▶ [Task item] Looking at the listing below, retype exactly the lines starting at the one containing "exterior shot leave" and ending at the one containing "After the colostrum", both included, and nothing else.

▶ [Material for the task]
§

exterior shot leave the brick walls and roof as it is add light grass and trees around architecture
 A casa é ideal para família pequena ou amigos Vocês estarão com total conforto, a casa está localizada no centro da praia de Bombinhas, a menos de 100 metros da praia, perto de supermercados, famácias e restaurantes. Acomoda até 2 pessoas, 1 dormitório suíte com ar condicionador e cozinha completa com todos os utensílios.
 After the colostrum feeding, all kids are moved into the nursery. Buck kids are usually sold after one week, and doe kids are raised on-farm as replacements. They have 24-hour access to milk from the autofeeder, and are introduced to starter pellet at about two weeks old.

§

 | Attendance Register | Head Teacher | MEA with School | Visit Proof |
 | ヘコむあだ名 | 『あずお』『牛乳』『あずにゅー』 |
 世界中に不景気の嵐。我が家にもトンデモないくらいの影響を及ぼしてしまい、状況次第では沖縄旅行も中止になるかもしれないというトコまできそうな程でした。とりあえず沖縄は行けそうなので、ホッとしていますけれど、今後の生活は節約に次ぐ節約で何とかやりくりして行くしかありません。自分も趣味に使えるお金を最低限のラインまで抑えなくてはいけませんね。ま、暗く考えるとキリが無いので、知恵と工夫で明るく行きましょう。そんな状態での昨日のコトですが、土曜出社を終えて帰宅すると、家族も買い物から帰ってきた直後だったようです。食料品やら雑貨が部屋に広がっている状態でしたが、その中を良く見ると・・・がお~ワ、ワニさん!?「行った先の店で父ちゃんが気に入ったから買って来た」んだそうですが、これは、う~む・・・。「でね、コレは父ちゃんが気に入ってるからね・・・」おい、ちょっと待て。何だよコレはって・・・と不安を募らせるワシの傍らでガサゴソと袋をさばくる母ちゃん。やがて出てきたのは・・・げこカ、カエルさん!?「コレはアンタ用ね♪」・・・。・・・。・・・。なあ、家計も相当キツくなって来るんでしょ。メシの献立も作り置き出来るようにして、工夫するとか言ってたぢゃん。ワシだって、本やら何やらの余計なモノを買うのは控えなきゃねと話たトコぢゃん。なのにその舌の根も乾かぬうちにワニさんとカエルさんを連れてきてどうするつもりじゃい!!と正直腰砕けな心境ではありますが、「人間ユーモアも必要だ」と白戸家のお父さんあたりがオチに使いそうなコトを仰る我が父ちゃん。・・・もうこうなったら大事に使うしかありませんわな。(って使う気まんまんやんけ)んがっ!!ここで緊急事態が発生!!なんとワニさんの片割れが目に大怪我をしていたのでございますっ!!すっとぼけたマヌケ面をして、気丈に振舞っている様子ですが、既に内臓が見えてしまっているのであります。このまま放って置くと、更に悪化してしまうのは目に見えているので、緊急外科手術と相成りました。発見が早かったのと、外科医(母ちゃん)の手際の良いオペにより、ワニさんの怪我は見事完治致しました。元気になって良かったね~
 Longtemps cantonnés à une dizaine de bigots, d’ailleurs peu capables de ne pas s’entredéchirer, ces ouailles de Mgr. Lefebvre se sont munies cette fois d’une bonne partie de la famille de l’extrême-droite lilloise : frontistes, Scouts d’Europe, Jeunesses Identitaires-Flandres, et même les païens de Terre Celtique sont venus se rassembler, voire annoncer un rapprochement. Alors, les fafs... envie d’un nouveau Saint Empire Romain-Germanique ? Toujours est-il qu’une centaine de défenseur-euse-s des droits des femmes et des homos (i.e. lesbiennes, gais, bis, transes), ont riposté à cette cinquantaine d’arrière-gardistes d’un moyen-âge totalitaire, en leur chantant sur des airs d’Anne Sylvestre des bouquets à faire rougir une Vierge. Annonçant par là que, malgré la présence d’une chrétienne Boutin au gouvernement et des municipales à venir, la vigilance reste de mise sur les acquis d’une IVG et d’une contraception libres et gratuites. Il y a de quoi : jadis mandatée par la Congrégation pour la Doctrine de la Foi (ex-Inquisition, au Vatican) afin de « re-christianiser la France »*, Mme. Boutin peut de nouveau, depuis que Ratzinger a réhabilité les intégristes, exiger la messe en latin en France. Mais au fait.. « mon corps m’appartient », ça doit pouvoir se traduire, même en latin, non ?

§

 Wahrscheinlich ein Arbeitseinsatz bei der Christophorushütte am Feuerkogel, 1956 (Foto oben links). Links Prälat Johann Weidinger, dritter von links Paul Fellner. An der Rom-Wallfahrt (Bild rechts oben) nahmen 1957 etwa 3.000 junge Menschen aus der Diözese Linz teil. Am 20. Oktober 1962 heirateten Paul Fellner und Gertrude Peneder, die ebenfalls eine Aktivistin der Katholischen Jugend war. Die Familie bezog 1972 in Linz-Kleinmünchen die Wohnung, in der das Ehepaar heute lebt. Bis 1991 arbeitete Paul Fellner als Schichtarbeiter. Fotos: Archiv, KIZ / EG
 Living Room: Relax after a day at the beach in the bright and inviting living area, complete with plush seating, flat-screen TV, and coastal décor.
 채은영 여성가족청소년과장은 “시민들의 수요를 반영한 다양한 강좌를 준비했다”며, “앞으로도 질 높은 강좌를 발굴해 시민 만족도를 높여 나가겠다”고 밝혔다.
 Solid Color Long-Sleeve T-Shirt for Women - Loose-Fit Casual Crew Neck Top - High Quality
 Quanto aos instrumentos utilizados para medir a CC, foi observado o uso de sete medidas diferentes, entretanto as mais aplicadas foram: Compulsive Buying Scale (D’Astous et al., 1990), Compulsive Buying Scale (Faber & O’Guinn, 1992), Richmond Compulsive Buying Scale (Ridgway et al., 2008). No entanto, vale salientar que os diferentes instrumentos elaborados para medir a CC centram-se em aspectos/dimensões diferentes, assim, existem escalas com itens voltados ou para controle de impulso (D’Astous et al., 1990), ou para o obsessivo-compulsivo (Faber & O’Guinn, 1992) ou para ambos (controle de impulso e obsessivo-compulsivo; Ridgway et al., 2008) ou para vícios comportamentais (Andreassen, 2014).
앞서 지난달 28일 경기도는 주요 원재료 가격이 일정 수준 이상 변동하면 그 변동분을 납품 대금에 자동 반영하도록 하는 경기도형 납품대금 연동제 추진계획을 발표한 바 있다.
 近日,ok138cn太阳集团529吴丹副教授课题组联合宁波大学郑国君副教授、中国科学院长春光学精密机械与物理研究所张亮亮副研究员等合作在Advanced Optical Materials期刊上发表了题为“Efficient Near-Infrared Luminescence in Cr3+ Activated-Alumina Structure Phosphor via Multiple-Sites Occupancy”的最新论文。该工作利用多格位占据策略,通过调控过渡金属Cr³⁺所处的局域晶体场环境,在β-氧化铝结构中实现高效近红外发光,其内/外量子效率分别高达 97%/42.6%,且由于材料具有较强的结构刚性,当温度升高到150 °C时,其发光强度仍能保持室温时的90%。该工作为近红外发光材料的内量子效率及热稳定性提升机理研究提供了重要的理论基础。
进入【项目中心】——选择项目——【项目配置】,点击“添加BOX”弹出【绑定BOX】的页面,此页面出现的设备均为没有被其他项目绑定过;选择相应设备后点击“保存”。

§

▶ [Result below]
exterior shot leave the brick walls and roof as it is add light grass and trees around architecture
 A casa é ideal para família pequena ou amigos Vocês estarão com total conforto, a casa está localizada no centro da praia de Bombinhas, a menos de 100 metros da praia, perto de supermercados, famácias e restaurantes. Acomoda até 2 pessoas, 1 dormitório suíte com ar condicionador e cozinha completa com todos os utensílios.
 After the colostrum feeding, all kids are moved into the nursery. Buck kids are usually sold after one week, and doe kids are raised on-farm as replacements. They have 24-hour access to milk from the autofeeder, and are introduced to starter pellet at about two weeks old.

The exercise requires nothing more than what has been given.